この60年以上に渡る時間を見れば、”水俣病”をめぐる問題は単に高度成長期における公害問題に収まる話ではないということがわかる。チッソの歴史は明治40年の”日本カーバイド商会”から始まるが、水俣工場が誕生するのは大正7年(1918年)であり(当時はカーバイドを原料とする化学肥料を生産)、第一次世界大戦による戦争特需を経て、1920年代以降には朝鮮半島に東アジア最大の水豊(スブン)ダムを建設し多くの化学工場を持っていた。チッソは太平洋戦争敗戦まで日本の国力を担う重要な企業の一つとして存在しており、戦後は経済成長を目指す政府の後ろ盾の下で躍進したといえる。特に1960年に始まる池田内閣の「所得倍増計画」の下、重化学業は大きく発展しプラスチックの量産が始まり、さらに1964年に東京オリンピックが開催、日本のOECD参加など、一気に経済大国へと成長しつつある時代にあった。そんな最中、政府が水俣病を「公害病」として認めるのは1968年(佐藤内閣)になってからである。明治以降から現在に至るまでのこの国の歴史に、チッソはぴったりと重なっているのである。

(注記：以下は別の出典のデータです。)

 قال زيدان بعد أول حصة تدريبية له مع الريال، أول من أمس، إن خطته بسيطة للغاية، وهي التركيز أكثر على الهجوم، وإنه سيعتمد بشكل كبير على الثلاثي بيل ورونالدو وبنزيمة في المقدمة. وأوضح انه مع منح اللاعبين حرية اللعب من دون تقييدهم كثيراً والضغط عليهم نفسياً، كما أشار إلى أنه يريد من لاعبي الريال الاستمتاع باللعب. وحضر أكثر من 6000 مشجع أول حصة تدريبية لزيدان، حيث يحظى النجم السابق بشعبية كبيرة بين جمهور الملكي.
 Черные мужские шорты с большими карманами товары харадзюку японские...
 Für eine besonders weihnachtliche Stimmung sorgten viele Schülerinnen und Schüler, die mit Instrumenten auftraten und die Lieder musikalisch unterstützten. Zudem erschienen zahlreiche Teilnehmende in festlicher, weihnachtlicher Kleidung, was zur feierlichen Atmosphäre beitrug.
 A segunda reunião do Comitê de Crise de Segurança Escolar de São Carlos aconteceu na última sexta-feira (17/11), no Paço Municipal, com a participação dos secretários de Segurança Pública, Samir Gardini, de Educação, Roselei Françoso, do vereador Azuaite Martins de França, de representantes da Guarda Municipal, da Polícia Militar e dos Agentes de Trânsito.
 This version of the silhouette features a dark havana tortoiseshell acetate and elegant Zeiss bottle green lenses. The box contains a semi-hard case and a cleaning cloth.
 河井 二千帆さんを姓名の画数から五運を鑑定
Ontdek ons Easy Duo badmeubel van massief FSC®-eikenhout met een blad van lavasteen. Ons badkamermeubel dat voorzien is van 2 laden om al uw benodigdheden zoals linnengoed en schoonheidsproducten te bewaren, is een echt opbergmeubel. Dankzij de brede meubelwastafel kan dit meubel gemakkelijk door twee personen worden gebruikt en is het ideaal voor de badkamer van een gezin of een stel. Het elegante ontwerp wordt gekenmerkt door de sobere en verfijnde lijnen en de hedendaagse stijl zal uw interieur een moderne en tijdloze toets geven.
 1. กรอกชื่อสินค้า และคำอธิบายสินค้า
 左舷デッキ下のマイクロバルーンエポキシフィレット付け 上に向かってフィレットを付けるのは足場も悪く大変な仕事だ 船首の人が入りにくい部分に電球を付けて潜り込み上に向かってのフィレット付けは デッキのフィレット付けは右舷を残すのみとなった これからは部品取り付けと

この国が求めた「豊さ」とは果たして何であったろうか、近代化を迎え生産性と合理性を優先した結果、誰かが常に”犠牲”になることを許してしまう社会を作ってしまったのではないか。確かにこの社会構造自体が”犠牲”を見えにくくしている部分もあるだろう。そして意図的に隠蔽された”犠牲”もあるだろう、しかし私たちは本当に知らなかったのだろうか、目先の「豊さ」だけを見ることで知らないふりを続けてきたとは言えないか。
社会のルール、システムを作るのは、政治やテクノロジーの力と言えるだろう。それらを動かすきっかけとなるのは人の理念であり、そこに働きかけることができるのが芸術や文化の力なのではないだろうか。為政者や企業を糾弾することは重要な事ではある、しかしそれだけでは”犠牲のシステム”を変えることはできないのではないか。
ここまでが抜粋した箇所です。